Eric Beck ersatzdog at gmail.com
Fri Dec 18 09:21:23 PST 2009


On 12/17/09, Alan Rudy <alan.rudy at gmail.com> wrote:


> Am/was I wrong? It feels to me that some here are taking very specific
> discourses focused on the politics of neoliberalization and extending them
> farther than Harvey would if asked.

I can't say you are wrong, but I don't read him that way. Harvey nominally ties accumulation by dispossession to (re)production, but he also makes it clear that under neoliberalism the former is easily dominant (I think he says this in the chapter on ABD in The New Imperialism). Finance provides the link, and so for Harvey house-flipping, in which poor people are fleeced of their savings, is the zeitgeist of the era. Apparently those people labor for nothing.

Oh, and the pithiest definition that I can recall Harvey giving of both ABD and neoliberalism is this: The “main substantive achievement of neoliberalization [...] has been to redistribute, rather than to generate, wealth and income.” The dominant capitalist mode rearranges value, it doesn't create it.

While I disagree strongly with Michael that primitive accumulation is a localized, one-off act -- I think it is very much a process, never done with for good, that always affects production -- I can't follow Harvey in saying that the current era mostly feeds off the labors of the previous era.

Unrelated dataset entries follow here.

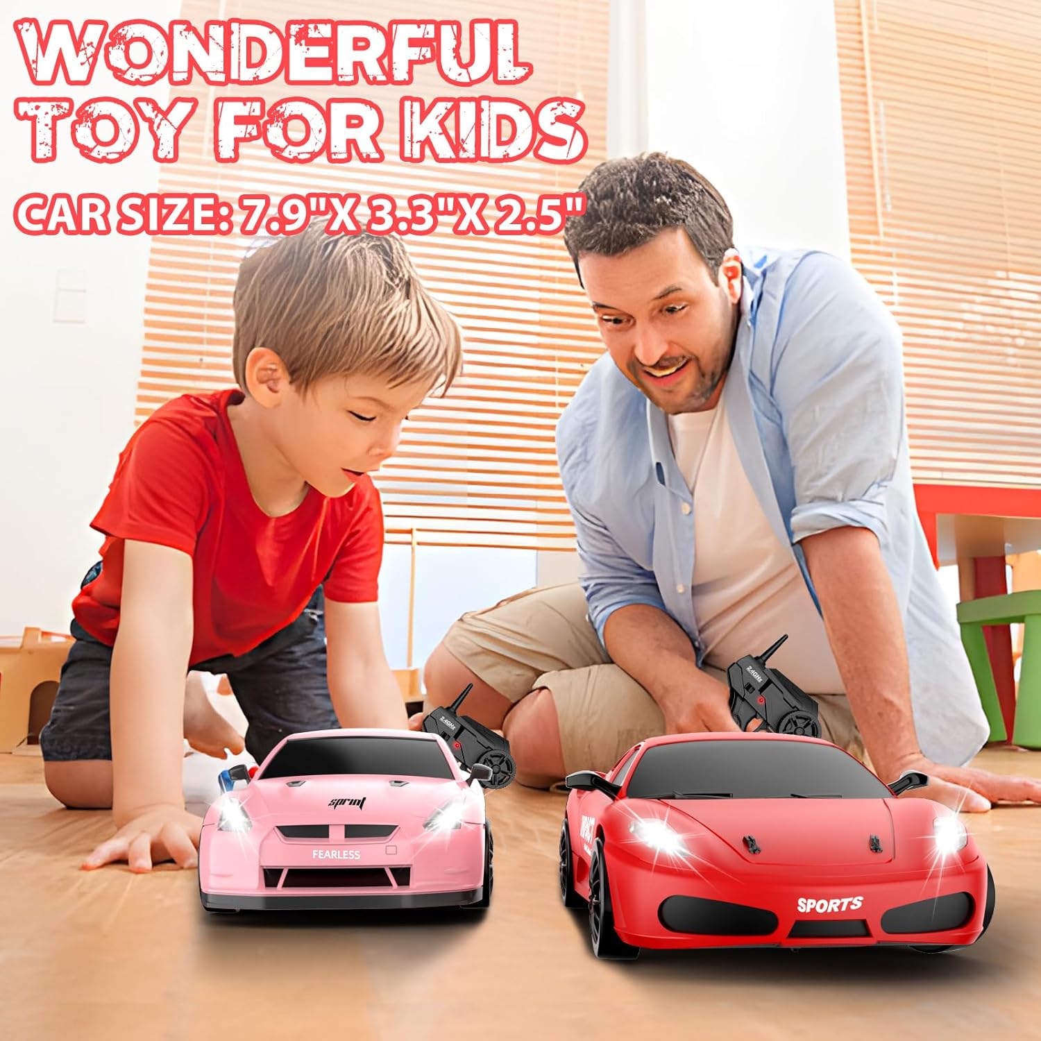 RC Drift Car, 2.4GHz Remote Control Cars 1/24 4WD High Speed Drift Car with LED Lights and Dritfing Tires Vehicle Racing Toy Cars for Boys Girls Adults Kids (Red)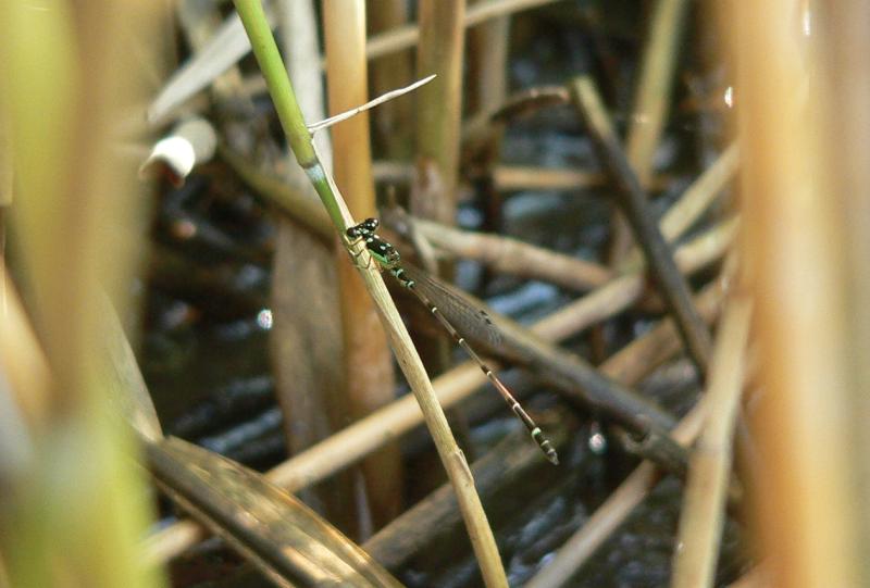 | 種の概要 | 県内では北九州市で記録されているのみ。生息地の詳細については,現在も非公表としている。海岸沿いのヨシなどが密生する汽水域の湿地にのみ生息する。県内の生息環境は潮止め堤防内の沼沢地である。成虫は密生したヨシ原からほとんど外に出ない。水面に浮かぶ枯死植物などに産卵し,幼虫は水中の枯れたヨシなどの堆積物につかまって生活している。北九州市の産地では緑色型雌(雄型雌)もみられる。 |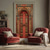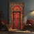 Ancient Arabic Red Wooden Door Ornate Moorish Archway Intricate Floral Carving 3D Realistic Fabric Door Banner Cover for Home Interior Room Decor Entryway Party Background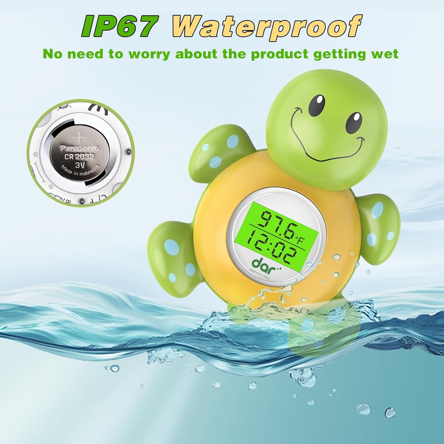 - 【Fun of Bathing Timer】This water temperature thermometer have a cute tortoise shape and automatic timing function, it will automatically time as soon as it is placed in water. It could works as bath temperature toy for babies to play in bathtub and swimming pool ,bring you funny and happy bath time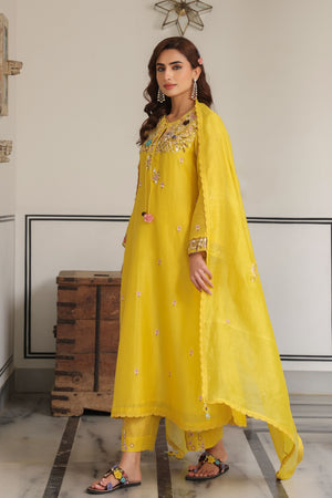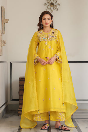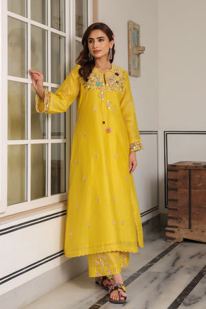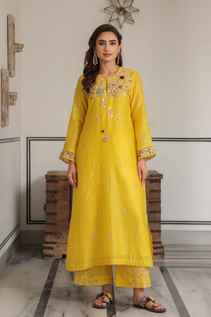 • This 2 piece kurta set comes with heavy floral thread work embroidery enahnced with handmade 3d flowers and bead work on the neckline and sleeves with butis all over the kurta. It is paired with embroidered pants. Optional embroidered dupatta available on request.
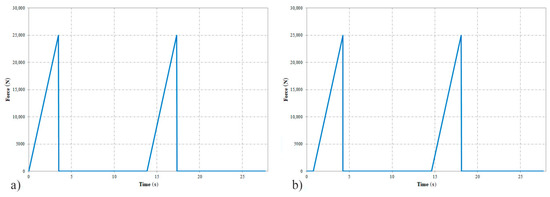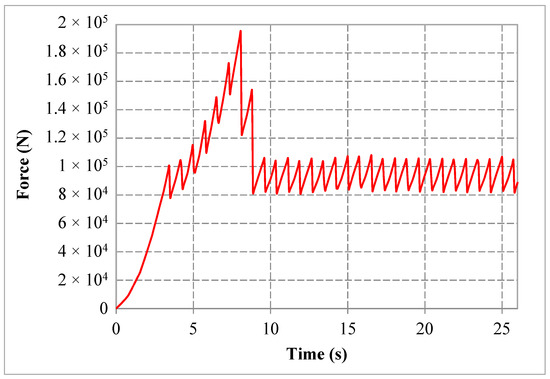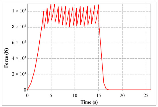 The exciting force is applied to the surface of the bucket wheel’s shaft, as a uniformly distributed force on its support surface (Figure 8), and is a function of time (Figure 9). Here, we present the variation in the force at the bucket wheel’s shaft when the excavated material is homogeneous.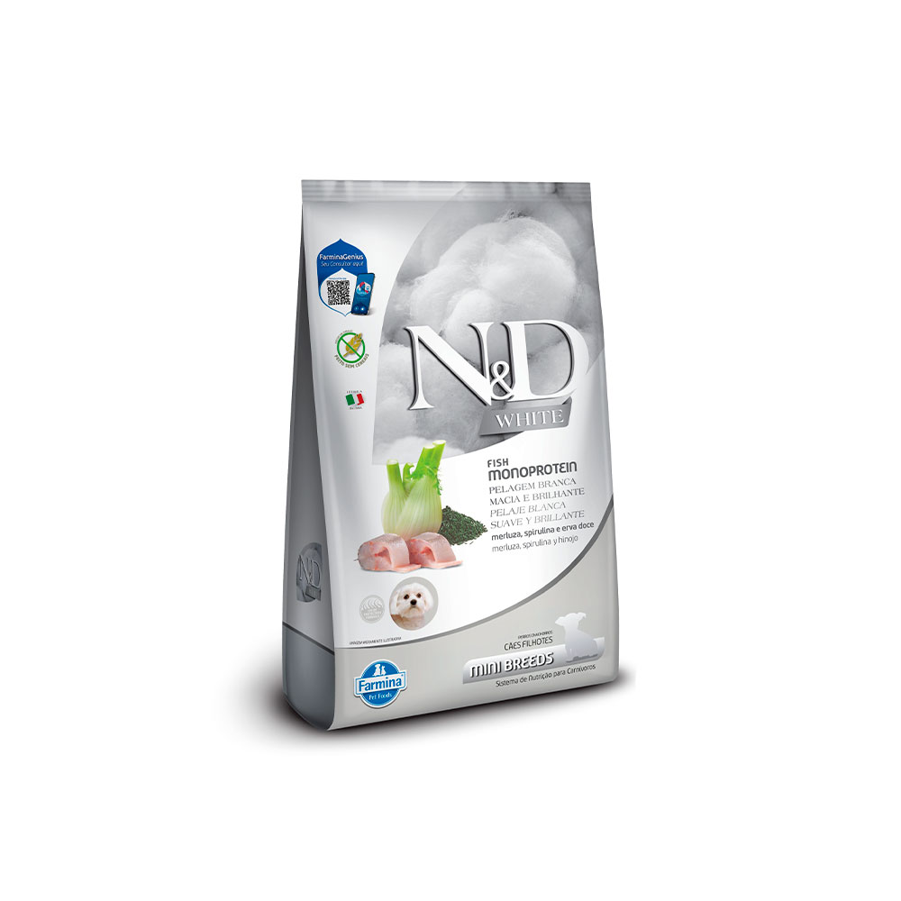 N&D White para Cães Filhotes de Raças Mini e Pequenas Sabor Merluza, Spirulina e Erva Doce 1,5 Kg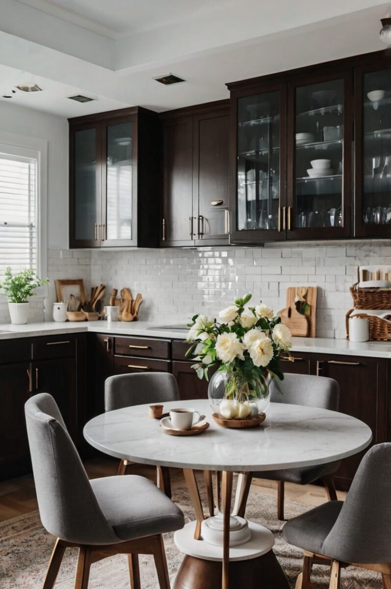 A crisp white farmhouse table adds rustic charm to your espresso cabinet kitchen.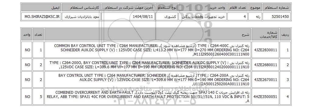 | 52501450 | رله | 4 | خرید تجهیزات وقطعات یدکی | کشوری | 1404/08/11 | محمد بابانژادیان شیرازی | MO.SHIRAZI@KSC.IR |
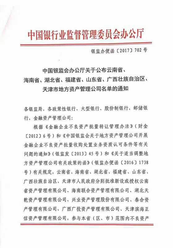 《通知》指出,根据财金【2012】6号,银监发【2013】45号以及《关于适当调整地方资产管理公司有关政策的函》【2016】1738号(下称“1738号文”)有关规定,云南省、海南省、湖北省、福建省、山东省、广西壮族自治区、天津市人民政府分别批准新设或授权云南省资产管理有限公司、海南联合资产管理有限公司、湖北天乾资产管理有限公司、兴业资产管理有限公司、秦合资产管理有限公司、关系广投资产管理有限公司、天津滨海正信资产管理有限公司共计7家参与本省(区、市)范围内不良资产转让工作。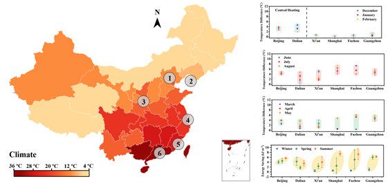 研究团队通过多个城市、不同季节的室内模拟测试,证实了该智能窗户具有室内温度调节能力和建筑节能效果。选取北京、大连、西安、上海、福州和广州作为代表性的试点城市,跨越北纬23°N 到40°N,覆盖了亚热带、温带、沿海、内陆等不同地理和气候特点,从2021年12月到2022年8月,进行了为期九个月的室内模拟测试(图3)。在北方,模拟冬季供暖条件,利用智能窗户的热致变色效应,有效地降低了室内热量的辐射逃逸,表现出优异的建筑节能效果(4.04-4.30 kJ m-3)。在春季,广州的智能窗户可将室内温度降低4.0℃左右,并节能5.14 kJ m-3。在夏季,随着气温进一步升高,智能窗户在所有城市均展现优异的温度调节能力(最高可达7.3℃),其建筑节能效率可达9.51 kJ m-3。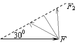 3、选择题 如图所示,分解一个水平向右的力F,F=6N,已知一个分力F1=4N和另一个分力F2与F的夹角为300,以下说法正确的是(?)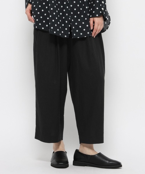 SUNAOKUWAHARAとstudio CLIPが初コラボレーション デザイナー桑原直氏がstudio CLIPのためにデザインした特別なシリーズ ーーー 【素材】 天然素材ならではの粗野感としなやかさを兼ね備えたリネンレーヨン生地を使用。 春から秋まで長く着用できる素材感です。 ※杢ベージュはリネンカス残しになっており、節のようなものが見られます。 【デザイン】 リラックス感のあるタックパンツ。 全体的にゆったりとしたシルエットながら、ルーズに見えすぎないのでシーンを選ばず着用可能です。 ファスナー開きで、ウエストは後ろゴムのイージー仕様◎ フラップ付きコインポケットがアクセントになっています。 ーーー 【スタイリング】 同シリーズのシャツやカットソー合わせがおすすめ。 合わせるトップスを変えることで秋まで長くお楽しみいただけます。 【SUNAOKUWAHARA】 「SUNAOKUWAHARA(スナオクワハラ)」は、デザイナー桑原 直氏によるブランドです。 「深化することによって生まれる新しい価値観」を表現する、強さと美しさを備えた「強く自由になれる服」を展開。知的で大人なムードが特徴です。 桑原氏は、三宅デザイン事務所を経て、1993年に株式会社イッセイミヤケより「I.S.sunao kuwahara」を立ち上げ、2003年に株式会社エイ・ネットから「sunaokuwahara」をスタートさせました。2016年春夏コレクションより「SUNAOKUWAHARA」を設立し、現在は純度の高いオリジナリティを追求し続けています。

That why in this article <http://www.rhizomes.net/issue19/beck.html> I called ABD an end-of-history narrative for anticapitalists.

None of this means that I don't think financialization isn't important -- it is, and it's why I think Randy Martin's book on it describes the present better than anything Harvey's done -- or that I'm convinced labor is the origin of all value, but Harvey's way of doing it strikes me as all wrong.